▶ _About this task_
From the first line to the last, restate the data exactly, leaving out the images.

Source data
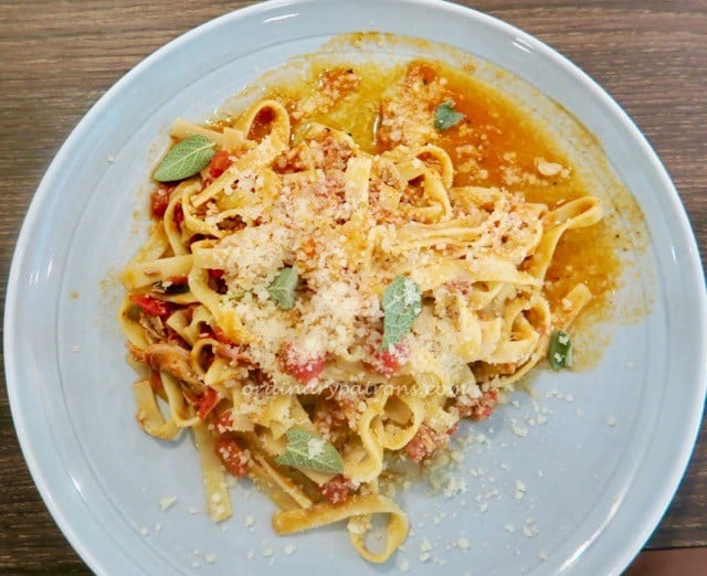 The beef cheek Bolognese was prepared with pappardelle pasta. We liked the texture of the pasta – slightly springy and chewy. We think big thick types of pasta are suitable to go with heavy sauces like this beef Bolognese. The beef had a good robust beefy taste, but was a tad too salty.
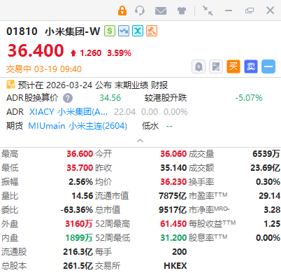 华盛资讯3月19日讯,港股新能源车股部分逆势走高,小米集团-W涨超3%,消息面上,SU7春季发布会今晚来袭;
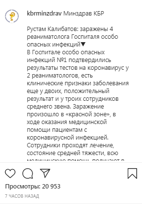 Коронавирусной инфекцией заразились 50 медицинских работников, сообщил сегодня в видеообращении на странице Минздрава Кабардино-Балкарии в Instagram глава министерства Рустам Калибатов. От риска заражения не застрахован никто, тем более медицинские работники первичного звена, отметил он.
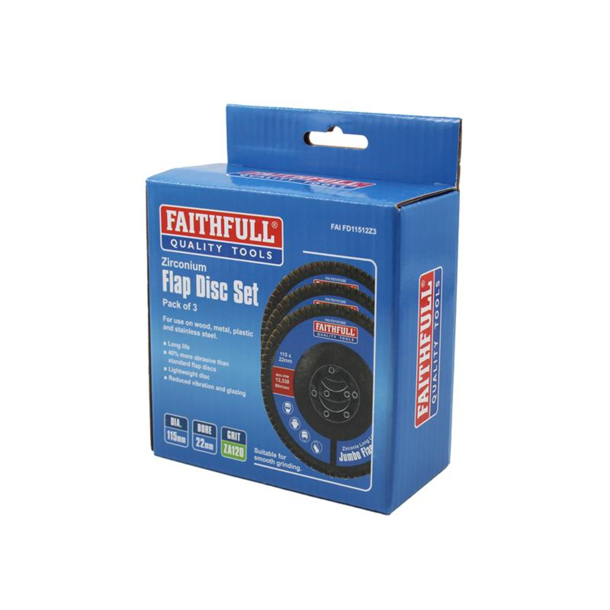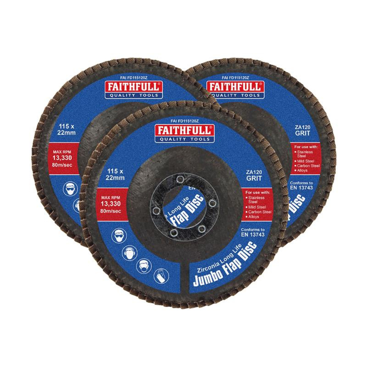 Pack of 3 Faithfull Zirconia Abrasive Jumbo Flap Discs 115 x 22mm 120 Grit.
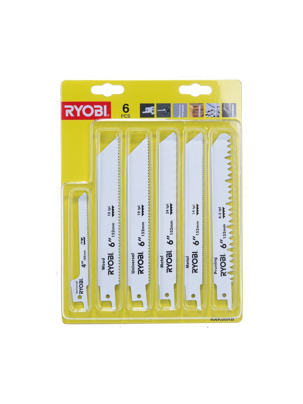 Набор полотен Ryobi RAK06RB 5132002547 подходит для сабельных пил с универсальным креплением. Полотна выполнены из прочного металла и предназначены для распила металла, пластика, древесины. В наборе 6 полотен.
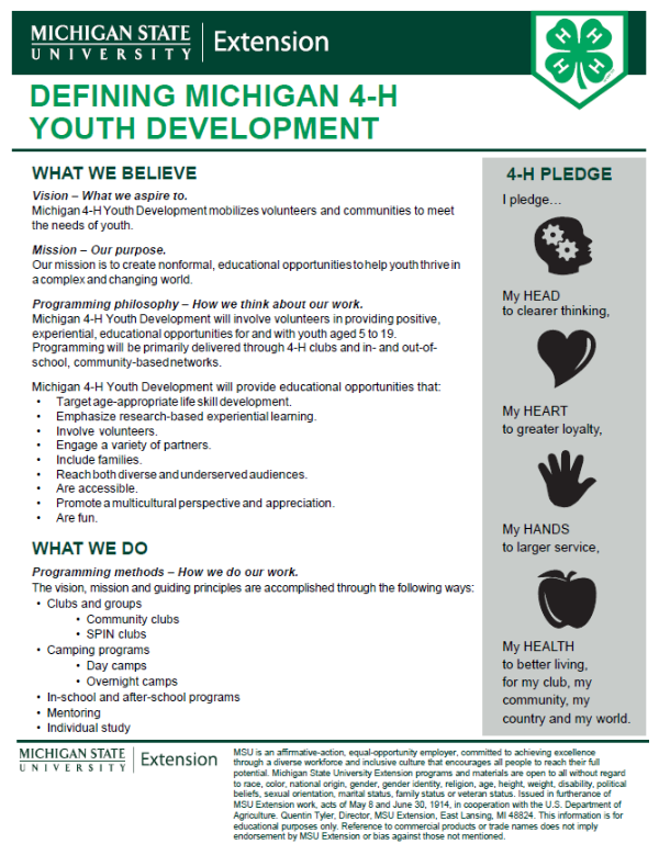 4-H Youth Development is the youth program of Michigan State University Extension. 4-H staff work at Michigan State University and in every Michigan county with local volunteers to bring the knowledge of the state’s land-grant university to the citizens of Michigan. This work is done in partnership with and uses funding provided by local county boards of commissioners, the state of Michigan and the federal government through the U.S. Department of Agriculture. Additional intellectual and programming support and funding is provided by a variety of public and private partners – both at local and state levels – to increase our impact on youth in Michigan communities.
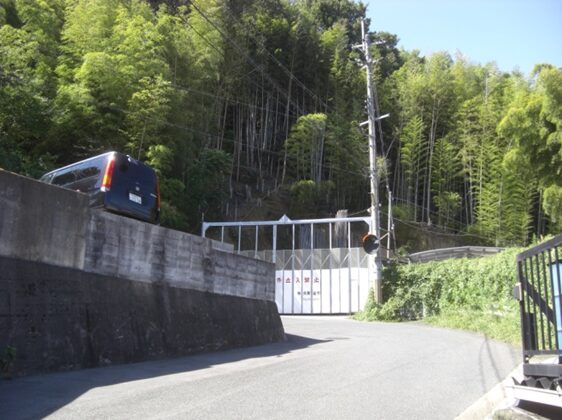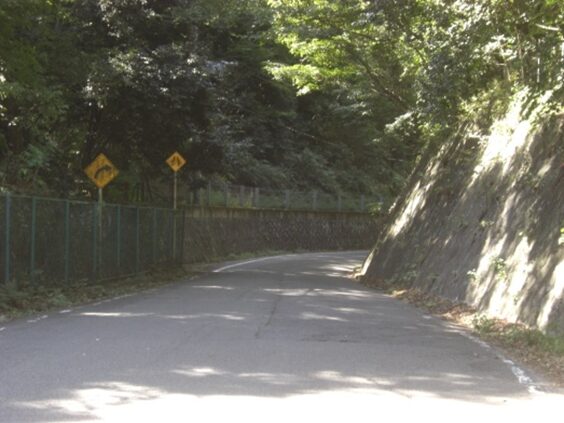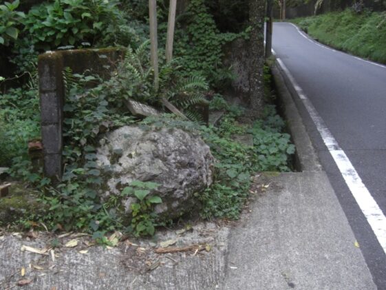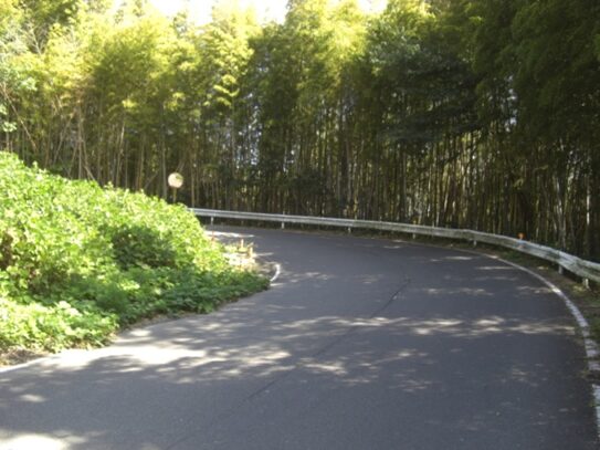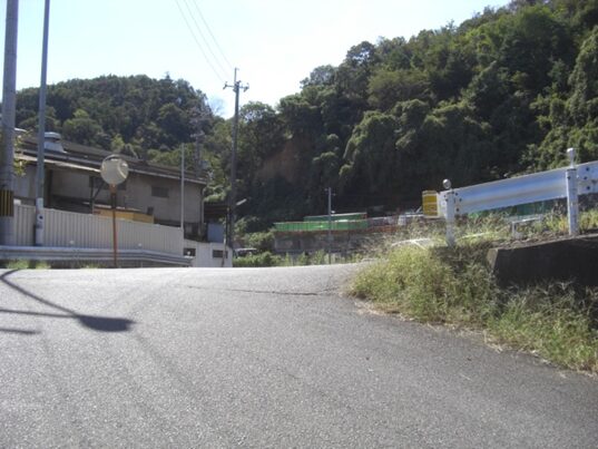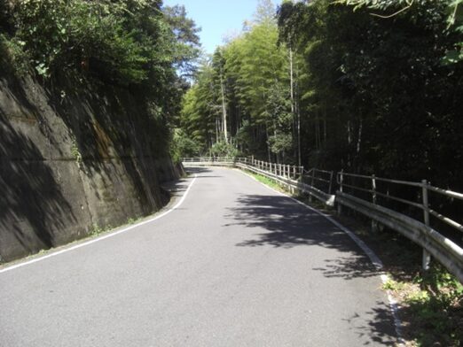 左に折れた先、右一帯は竹や木が茂っている、この辺りからかつての旧道があったが、今は完全に消失している
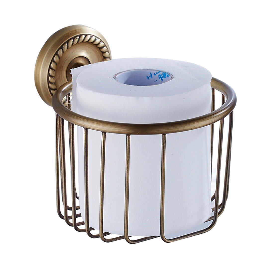 Bathfirst おしゃれ トイレットペーパーバスケット真鍮製 アンティークブロンズ仕上げ 壁掛け ネジ取付 防錆 バスルームアクセサリー ティッシュホルダー トイレットペーパーホルダー 紙巻器 キッチン トイレ 収納
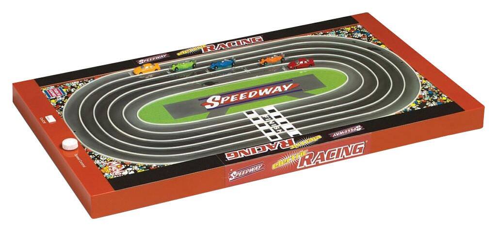 Race your child to the finish line with this Tudor Games Power Pro Speedway 8502 electric racing game that features a portable racetrack for versatile use. Adjustable cars allow your child to customize their performance for a winning edge.
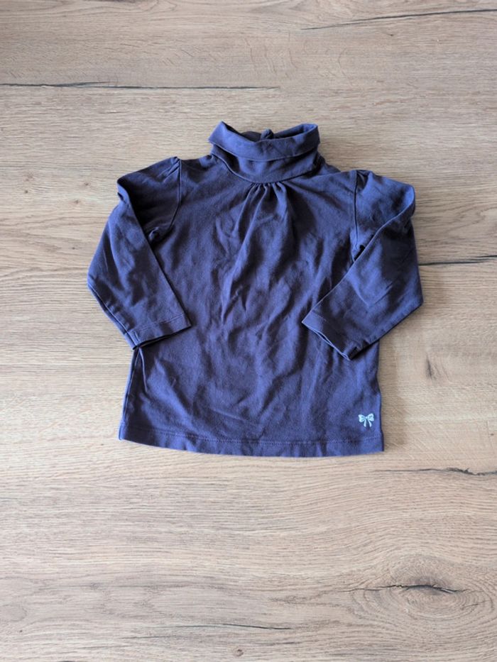 T-shirt à manche longue violet avec un col à roulé et des boutons à pression à l'arrière.

▶ _Solution to this exercise_
 The beef cheek Bolognese was prepared with pappardelle pasta. We liked the texture of the pasta – slightly springy and chewy. We think big thick types of pasta are suitable to go with heavy sauces like this beef Bolognese. The beef had a good robust beefy taste, but was a tad too salty.
 华盛资讯3月19日讯,港股新能源车股部分逆势走高,小米集团-W涨超3%,消息面上,SU7春季发布会今晚来袭;
 Коронавирусной инфекцией заразились 50 медицинских работников, сообщил сегодня в видеообращении на странице Минздрава Кабардино-Балкарии в Instagram глава министерства Рустам Калибатов. От риска заражения не застрахован никто, тем более медицинские работники первичного звена, отметил он.
 Pack of 3 Faithfull Zirconia Abrasive Jumbo Flap Discs 115 x 22mm 120 Grit.
 Набор полотен Ryobi RAK06RB 5132002547 подходит для сабельных пил с универсальным креплением. Полотна выполнены из прочного металла и предназначены для распила металла, пластика, древесины. В наборе 6 полотен.
 4-H Youth Development is the youth program of Michigan State University Extension. 4-H staff work at Michigan State University and in every Michigan county with local volunteers to bring the knowledge of the state’s land-grant university to the citizens of Michigan. This work is done in partnership with and uses funding provided by local county boards of commissioners, the state of Michigan and the federal government through the U.S. Department of Agriculture. Additional intellectual and programming support and funding is provided by a variety of public and private partners – both at local and state levels – to increase our impact on youth in Michigan communities.
 左に折れた先、右一帯は竹や木が茂っている、この辺りからかつての旧道があったが、今は完全に消失している
 Bathfirst おしゃれ トイレットペーパーバスケット真鍮製 アンティークブロンズ仕上げ 壁掛け ネジ取付 防錆 バスルームアクセサリー ティッシュホルダー トイレットペーパーホルダー 紙巻器 キッチン トイレ 収納
 Race your child to the finish line with this Tudor Games Power Pro Speedway 8502 electric racing game that features a portable racetrack for versatile use. Adjustable cars allow your child to customize their performance for a winning edge.
 T-shirt à manche longue violet avec un col à roulé et des boutons à pression à l'arrière.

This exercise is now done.